Хрустнули переплетенные пальцы. Полина Дмитриевна выпрямилась, все в ней было подчинено одной мысли: не расслабиться. «Расслабишься — сломаешься, — про себя твердила Полина Дмитриевна. — А ты не должна, не имеешь права…»
Если бы не выдержала жена коммуниста, партгрупорга, учительница, воспитывавшая у детей шахтеров, многие из которых сами стали шахтерами, стойкость и мужество, если бы сломилась она — как бы могли устоять остальные? И Полина Дмитриевна повторяла и повторяла: «Ты не должна, не имеешь права…» Эти несколько раз, как заклинание, мысленно произнесенные ею слова помогли ей осилить слабость, чуть не подкосившую ее.
«Чепель Матвей Артемович, проходчик», — донеслось из динамика.
— Матюшенька! — встрепенулась Маша Чепель и зашлась беззвучным плачем.

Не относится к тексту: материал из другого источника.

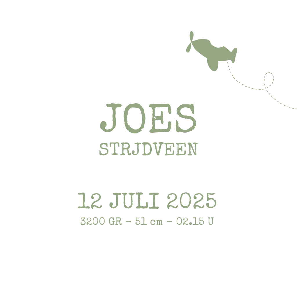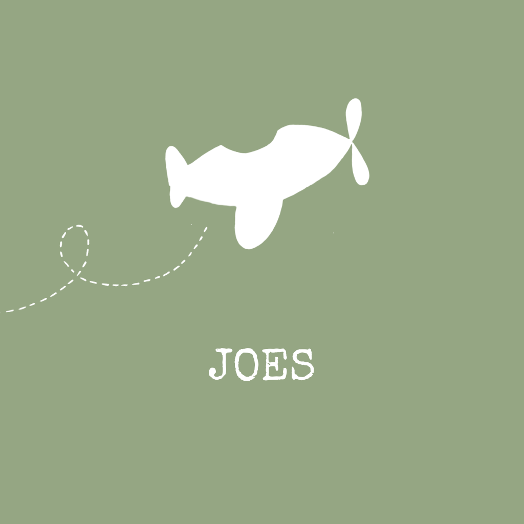 Legergroen geboortekaartje voor een zoontje. Leuk met een wit silhouet van een vliegtuigje! Aan de binnenkant zijn de kleuren omgekeerd. Iets voor jouw stoere jochie?
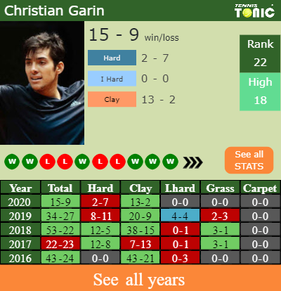 The Chilean has a 15-9 win-loss record in 2020, 13-2 on clay (See FULL STATS).
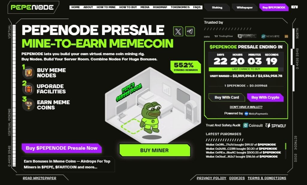 Pepenode has emerged asone of the best crypto to buy now, gaining attention for its innovative presale and in-game utility mechanics. The project combines mine-to-earn GameFi features with meme coin elements, allowing users to build virtual server rooms, purchase nodes, and engage in competitive mining for bonuses.
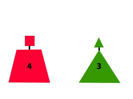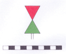 Het zijn driehoekige bakens op een paal. Aan de rechterzijde zijn ze rood met de punt naar beneden, aan de linkerzijde groen met de punt naar boven.
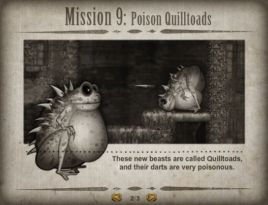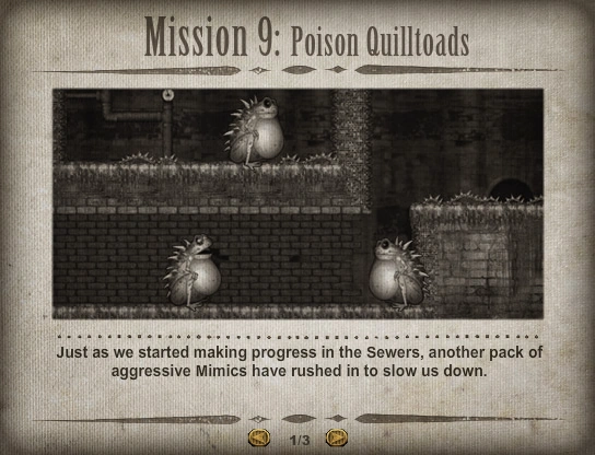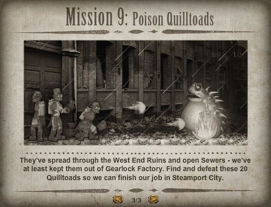 Quest giver: Just as we started making progress in the Sewers, another pack of aggressive Mimics have rushed in to slow us down. These new beasts are called Quilltoads, and their darts are very poisonous. They're spread through the West End Ruins and open Sewers - we've at least kept them out of Gearlock Factory. Find and defeat these 20 Quilltoads so we can finish our job in Steamport City.

О том, что с Матвеем и Егором Филипповичем случилась беда, она заподозрила после встречи с крепильщиком, но ей хотелось верить, что, говоря: «Порядок», тот не солгал, Маша почти поверила в это и вот ее надежда пропала…
«Тихоничкин Максим Мартынович, проходчик».
Бриллиантова — высокая, все еще статная, красивая — не дрогнула, бровью не повела. В «тупичок» привела ее не тревога за судьбу мужа — не хотела давать лишнего повода для пересудов. Где-то в глубине души, в самых темных ее закоулках, сразу, как только Агния услышала об аварии на «Гарном», шевельнулось желание, в котором она не хотела себе признаваться. Но родившись, желание росло, нашептывало: «Так было бы лучше для всех…» Бриллиантова понимала: то, о чем она думает, бесчеловечно. Хотела хотя бы выдавить слезу, и не смогла. Правда, ей удалось заглушить мстительную радость, она перестала повторять про себя: «Это тебе за вчерашнее!..»
«Манукова Марина Михайловна, помощник начальника участка вентиляции», — торопливо выдохнул Глотков.
— Доченька… — глухо простонал Мануков и, сняв шапку, низко опустил голову.
«Ляскун Пантелей Макарович, забойщик».
— Це ж мий хазяин! — всплеснув руками, заголосила Мотря.
— Голубушка, — взмолилась едва стоявшая на ногах Хомуткова, — вы радио заглушаете, ничего не слышно. Я прошу вас…
«Жур Ермак Тихонович, забойщик».
В «тупичке» никто не отозвался: был Ермак холостым, родители жили в другом городе.
«Хомутков Марк Орестович, насыпщик».
— А-а-а! — жутко завопила Христина Владимировна и начала заваливаться, падать навзничь. Полина Дмитриевна едва успела подхватить ее. В «тупичке» поднялась суматоха. Бриллиантова пыталась привести Хомуткову в чувство, но, очнувшись, та снова теряла сознание. Вскоре ее забрала «скорая помощь».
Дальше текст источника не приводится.